How to explain a recent poll, cited by The Hill, that showed a nearly 10-point deficit in President Obama's foreign policy approval rating? In a post titled "The Obama unDoctrine," from more than three years ago, I gave it my best. And since circumstances are little changed, I'll repeat myself: "Obama is the near textbook embodiment of complex policies that meet the needs of reality and the moment, rather than what the body politic and the commentariat so often pine for, which is abundant simplicity and tidy slogans."
If I was, and am, correct in that assessment, the paradox is that the outcome of Obama's complexities are pragmatically pined for by the body politic as well. They just don't seem to realize it. Did they desire a prolonged intervention in Iraq? A re-escalation, presently, in Afghanistan? A Syrian intervention? A Crimean intervention? An eastern Ukrainian intervention? Boots on Libyan ground? A war with Iran over a yet-developed nuclear program or with China over some western Pacific rock?
Obama has consistently straddled thoughtful involvement in the world versus military interventionism, which post-W. America demanded as much as desired. And yet, a 10-point deficit--explainable only by an uncomprehending, democratic capriciousness susceptible to propagandistic sloganeering about "weakness" and vacillation. The concomitant paradox: In the oppressive face of such shabby, unthinking criticism about weakness, Obama has stayed tough. He'll take the deficit over some momentary bounce from neocon stupidity.
In the end, on foreign policy we come to back to Obama's broader, and characteristic, pragmatism--which just happens to be America's defining philosophy, too, even though we sometimes forget it. "Obama's UnDoctrine," I wrote in 2011, "is a universe away from the uniform simplicity of Wilsonian or Bushian idealism.... Idealism is a word closely aligned with ideology, and for good reason: It is a straitjacketing term that, once out of the bag and affixed to its proponent, too often coerces that proponent into grossly ill-advised actions for consistency's sake."
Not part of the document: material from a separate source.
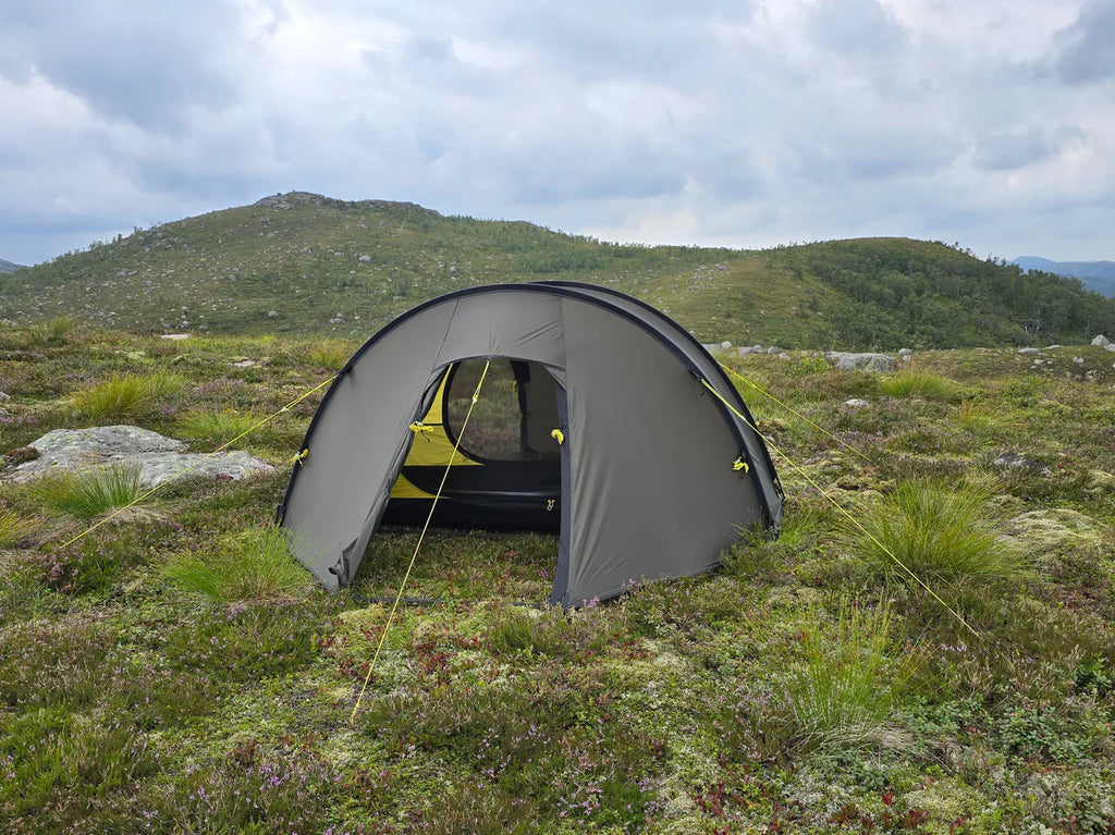 The NORTENT Ly 1 Tent, an extremely robust yet lightweight shelter designed for solo adventurers exploring Australia’s remote wilderness. Perfect for longer hikes into the mountains or isolated plains, this 4-season tunnel tent offers ample space for one person, their equipment, and cooking gear, with a roomy inner tent that fits a 190 x 65 cm sleeping pad. Weighing just 2.45 kg (minimum) and packing down to 43 x 21 cm, the Ly 1 combines portability with durability, featuring a silnylon flysheet (30D, 3000mm HH) and Dyneema-reinforced stress points for exceptional strength. Its aerodynamic shape and versatile anchoring options, including 14 Dyneema guylines and 24 aluminium Y-pegs, ensure stability in harsh weather, making it a dependable companion for all conditions.

Therein is the neoconservative weakness: a martial consistency for consistency's sake.
Obama's consistency? Agility applied to circumstances. If there's a foreign policy doctrine announced by the president in his West Point speech today, that's the one I expect: the Obama unDoctrine. It may not reverse his second-term deficit, but I further expect that foreign policy historians will someday see it as his greatest achievement.